Task objective: The data below contains pictures, which are to be skipped; the lines starting at the line with "Каталог запасных частей" and ending at the line with "Liście, Winogrona, Dziewczynka, Jesień, Wianek" are to be output exactly, both ends included.

Source data:
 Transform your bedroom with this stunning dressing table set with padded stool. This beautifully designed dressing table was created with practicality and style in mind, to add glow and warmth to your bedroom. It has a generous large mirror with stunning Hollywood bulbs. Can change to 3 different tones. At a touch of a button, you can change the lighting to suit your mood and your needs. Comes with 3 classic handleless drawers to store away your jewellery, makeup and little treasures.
==
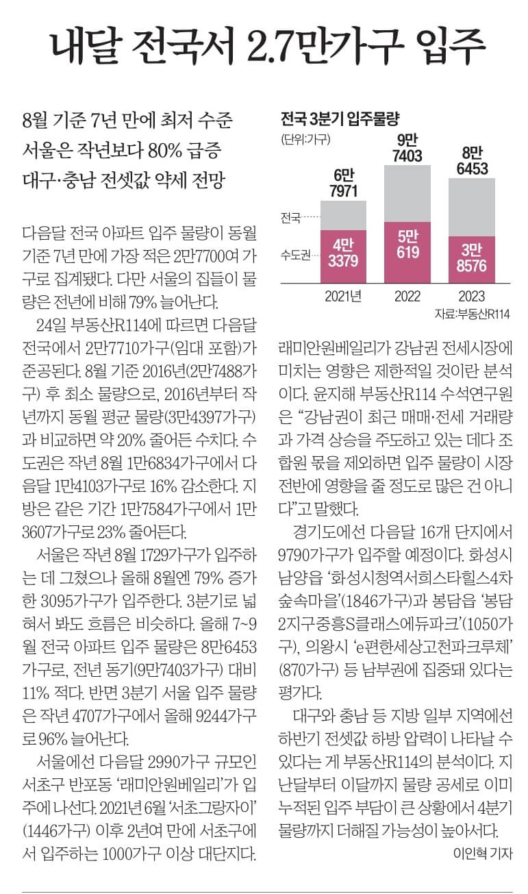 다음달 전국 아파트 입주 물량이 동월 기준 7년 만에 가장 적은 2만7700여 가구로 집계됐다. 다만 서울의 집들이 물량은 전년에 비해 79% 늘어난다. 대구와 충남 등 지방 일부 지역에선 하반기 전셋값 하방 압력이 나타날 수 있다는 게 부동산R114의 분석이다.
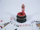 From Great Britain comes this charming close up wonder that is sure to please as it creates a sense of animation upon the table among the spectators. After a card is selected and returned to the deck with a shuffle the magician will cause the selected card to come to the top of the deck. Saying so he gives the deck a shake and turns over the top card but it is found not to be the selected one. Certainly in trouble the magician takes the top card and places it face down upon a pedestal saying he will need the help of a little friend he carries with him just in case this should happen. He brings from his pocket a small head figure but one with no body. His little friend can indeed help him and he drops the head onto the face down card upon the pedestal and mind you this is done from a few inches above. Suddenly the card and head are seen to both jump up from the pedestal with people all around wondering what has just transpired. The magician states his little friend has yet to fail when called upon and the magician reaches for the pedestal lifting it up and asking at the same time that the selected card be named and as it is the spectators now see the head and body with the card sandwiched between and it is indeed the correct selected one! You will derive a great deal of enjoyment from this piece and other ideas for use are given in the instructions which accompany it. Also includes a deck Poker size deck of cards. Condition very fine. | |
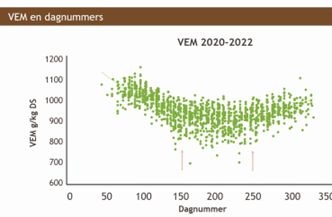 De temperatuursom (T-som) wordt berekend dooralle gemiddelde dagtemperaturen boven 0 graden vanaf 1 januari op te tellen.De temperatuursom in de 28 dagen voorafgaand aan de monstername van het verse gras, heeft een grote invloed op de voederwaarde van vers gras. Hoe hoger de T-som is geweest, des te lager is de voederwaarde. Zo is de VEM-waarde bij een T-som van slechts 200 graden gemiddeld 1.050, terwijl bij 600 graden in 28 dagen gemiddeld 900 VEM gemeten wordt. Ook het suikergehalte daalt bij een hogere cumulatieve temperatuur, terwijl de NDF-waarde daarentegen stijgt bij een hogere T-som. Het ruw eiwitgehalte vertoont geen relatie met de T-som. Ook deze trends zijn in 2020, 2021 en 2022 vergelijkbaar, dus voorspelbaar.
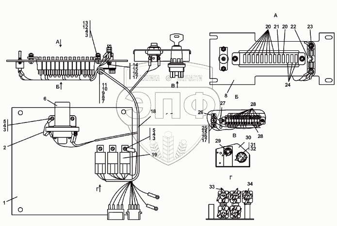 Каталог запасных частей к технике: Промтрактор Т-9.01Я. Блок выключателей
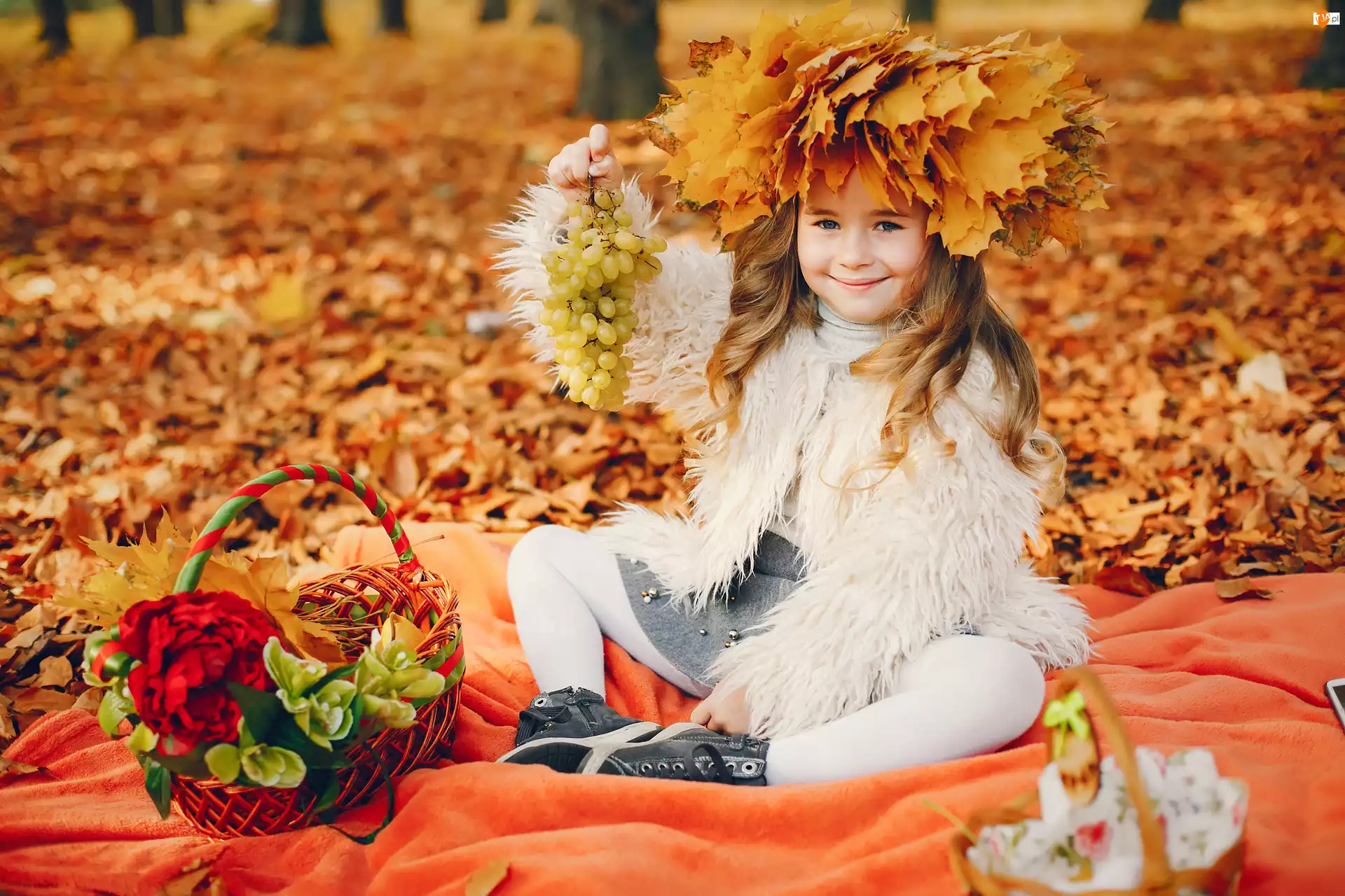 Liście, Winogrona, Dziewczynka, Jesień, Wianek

Exercise response:
 Каталог запасных частей к технике: Промтрактор Т-9.01Я. Блок выключателей
 Liście, Winogrona, Dziewczynka, Jesień, Wianek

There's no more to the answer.